Über dieses Spannungsverhältnis kann man sich trefflich streiten. Ich sage nochmals: Tun wir das aber bitte mit dem gebotenen Anstand und Respekt. Denn am Ende reden wir über Menschen. - Herzlichen Dank.
Vielen Dank, Herr Minister. Es gibt zwei Fragen. Einigen Sie sich bitte, wer sie nimmt. Herr Poggenburg als Erster, dann habe ich als nächste Wortmeldung die von Herrn Kirchner gesehen. Ich würde die Zahl der Fragesteller je Fraktion heute auf zwei begrenzen. - Bitte, Herr Poggenburg.
Sehr geehrter und geschätzter Herr Innenminister Stahlknecht, Sie haben - es klang zumindest so - suggeriert: Ja, die AfD müsse sich im Ton vielleicht etwas zurücknehmen,
(Sebastian Striegel, GRÜNE: Nicht nur suggeriert! - Cornelia Lüddemann, GRÜNE: Das klang nicht nur so!)
um der CDU zu gefallen. Ich sage Ihnen ganz klar: Die AfD wird sich nicht zurücknehmen. Sie wird die Dinge klar beim Namen nennen und dies auch weiterhin tun. Vielleicht kommt eine CDU umgekehrt eines Tages mal damit klar, aus ihrer Deckung hervorzukommen und ebenfalls die Dinge beim Namen zu nennen.
Wenn jemand, eine Person, eine Personengruppe, ganz klar ehrlos ist, dann sagen wir das. Wir trauen uns das und werden das auch in Zukunft tun. Bitte nehmen Sie das so zur Kenntnis. - Danke schön.
Herr Stahlknecht, möchten Sie darauf erwidern? - Nein. Okay. - Dann habe ich jetzt Herrn Kirchner als nächsten Fragesteller.
Sehr geehrter Herr Innenminister, ich habe vernommen, dass Sie sagten, Journalisten meiner Partei. Journalisten Ihrer Partei, dazu frage ich Sie einmal - -
(Dr. Katja Pähle, SPD: Nicht zugehört! - Wulf Gallert, DIE LINKE: Sie haben in Ihrer Partei ein semantisches Problem, Herr Kirchner! - Unruhe)

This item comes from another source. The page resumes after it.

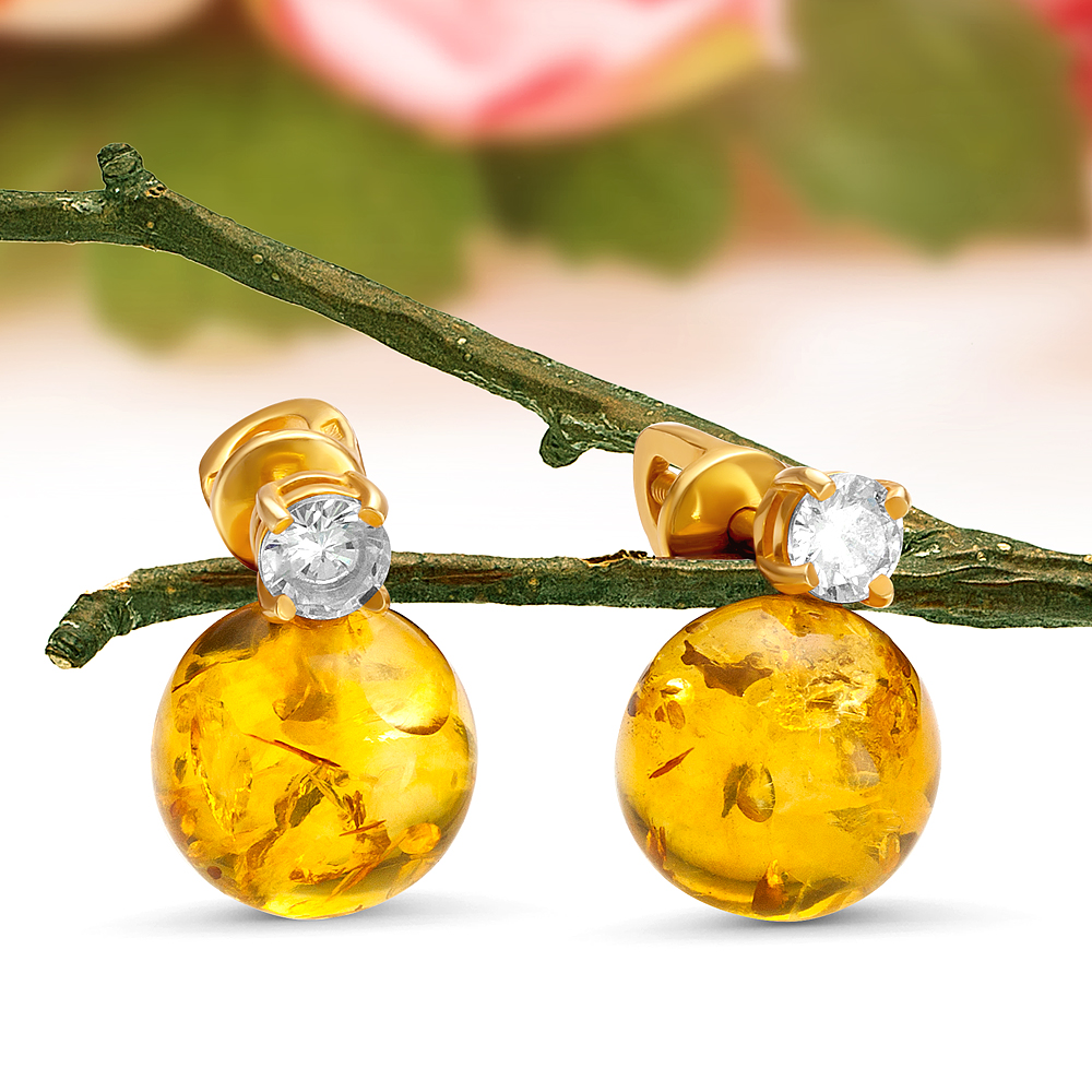 Пусеты из серебра 925 пробы, украшенные золотистым янтарем

Gehen wir weiter zu der Aussage, auf Ihr Ministerium hören, was Zahlen betrifft. Das haben Sie vorhin auch gesagt. Ich frage Sie natürlich, weil Sie sagten, nachdem Sie im Jahr 2016 ungefähr 800 Personen abgeschoben haben, dass Sie die Zahl im Jahr 2017 erhöhen wollten. Wenn ich dann aber lese, dass im ersten Halbjahr 2017
ganze 132 abgeschoben wurden, dann ist meine Frage, wie Sie das erhöhen wollen, wenn sie bis zur Hälfte des Jahres nur 130 abgeschoben haben.